Exercise prompt:
From the material below, please set down exactly the lines starting with the one with "這組雕塑是青石材質(zhì)" and going on through the one with "该书的函套设计素朴硬朗,大面", without a single picture.

Provided information:
-.-.-

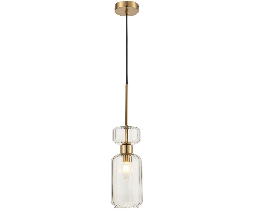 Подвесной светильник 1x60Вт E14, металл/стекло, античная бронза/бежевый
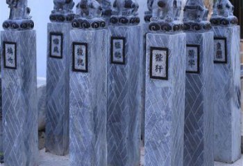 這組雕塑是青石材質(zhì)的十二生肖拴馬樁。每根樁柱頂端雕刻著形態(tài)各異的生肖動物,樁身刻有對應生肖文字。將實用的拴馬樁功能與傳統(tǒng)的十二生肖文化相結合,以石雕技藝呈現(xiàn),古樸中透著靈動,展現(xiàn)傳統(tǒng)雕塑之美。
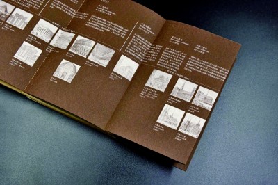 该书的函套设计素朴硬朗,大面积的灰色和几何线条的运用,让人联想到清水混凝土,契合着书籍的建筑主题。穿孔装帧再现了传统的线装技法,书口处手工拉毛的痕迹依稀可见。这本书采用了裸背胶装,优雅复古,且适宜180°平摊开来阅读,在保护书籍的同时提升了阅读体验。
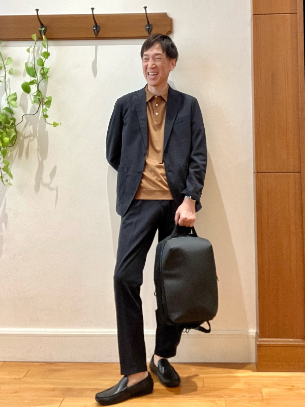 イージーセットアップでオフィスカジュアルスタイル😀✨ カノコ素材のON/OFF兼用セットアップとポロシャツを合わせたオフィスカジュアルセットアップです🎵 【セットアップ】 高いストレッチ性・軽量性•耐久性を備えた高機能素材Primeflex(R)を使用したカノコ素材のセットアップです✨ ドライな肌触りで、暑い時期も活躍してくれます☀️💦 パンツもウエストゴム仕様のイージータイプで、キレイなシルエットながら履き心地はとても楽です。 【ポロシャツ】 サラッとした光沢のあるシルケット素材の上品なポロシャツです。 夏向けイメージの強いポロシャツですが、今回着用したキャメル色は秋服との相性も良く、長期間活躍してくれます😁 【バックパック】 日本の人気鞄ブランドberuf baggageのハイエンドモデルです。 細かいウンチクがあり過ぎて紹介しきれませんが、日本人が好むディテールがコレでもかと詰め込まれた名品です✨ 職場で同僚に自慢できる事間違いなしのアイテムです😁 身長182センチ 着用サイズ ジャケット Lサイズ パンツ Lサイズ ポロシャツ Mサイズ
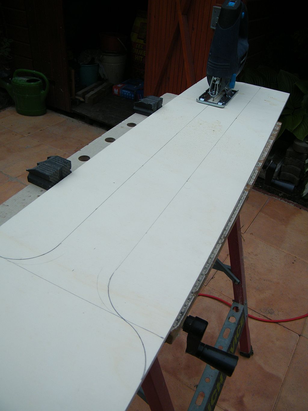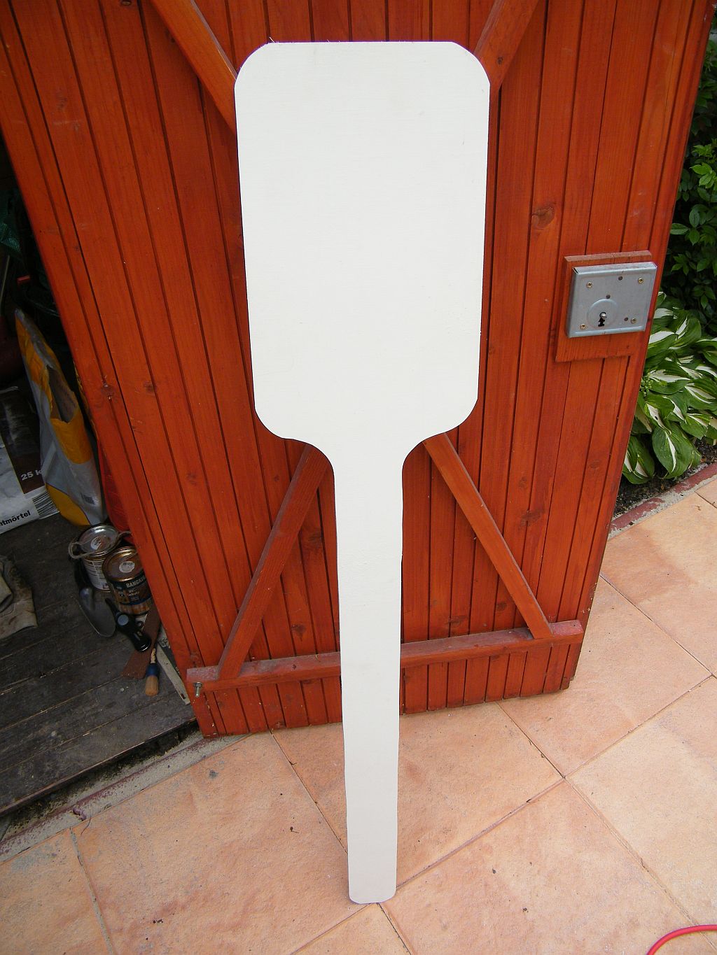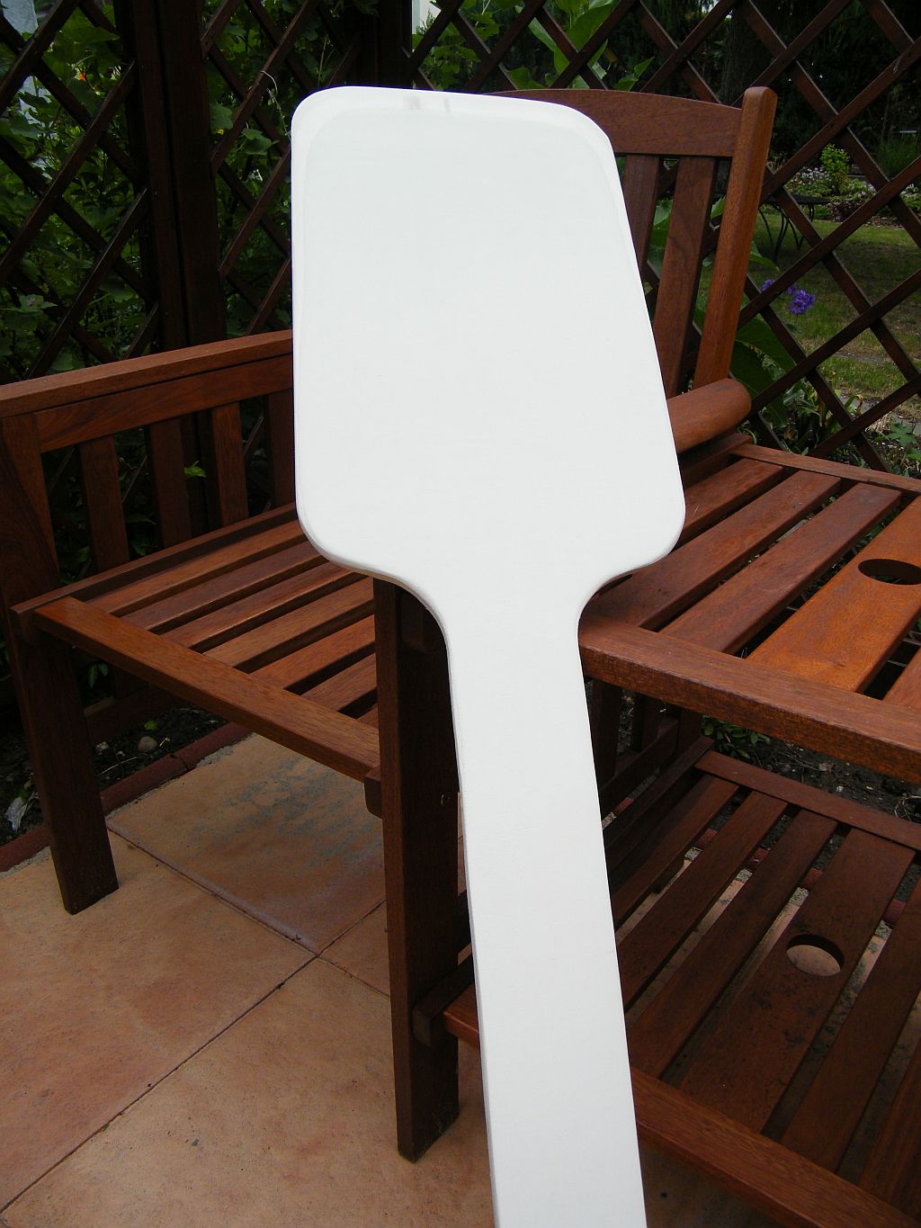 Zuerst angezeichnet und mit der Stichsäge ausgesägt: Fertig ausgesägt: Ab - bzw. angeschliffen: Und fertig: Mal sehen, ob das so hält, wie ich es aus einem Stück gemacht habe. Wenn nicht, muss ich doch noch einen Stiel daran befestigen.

-.-.-

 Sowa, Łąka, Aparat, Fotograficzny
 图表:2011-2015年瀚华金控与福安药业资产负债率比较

-.-.-

Output for this exercise:
 這組雕塑是青石材質(zhì)的十二生肖拴馬樁。每根樁柱頂端雕刻著形態(tài)各異的生肖動物,樁身刻有對應生肖文字。將實用的拴馬樁功能與傳統(tǒng)的十二生肖文化相結合,以石雕技藝呈現(xiàn),古樸中透著靈動,展現(xiàn)傳統(tǒng)雕塑之美。
 该书的函套设计素朴硬朗,大面积的灰色和几何线条的运用,让人联想到清水混凝土,契合着书籍的建筑主题。穿孔装帧再现了传统的线装技法,书口处手工拉毛的痕迹依稀可见。这本书采用了裸背胶装,优雅复古,且适宜180°平摊开来阅读,在保护书籍的同时提升了阅读体验。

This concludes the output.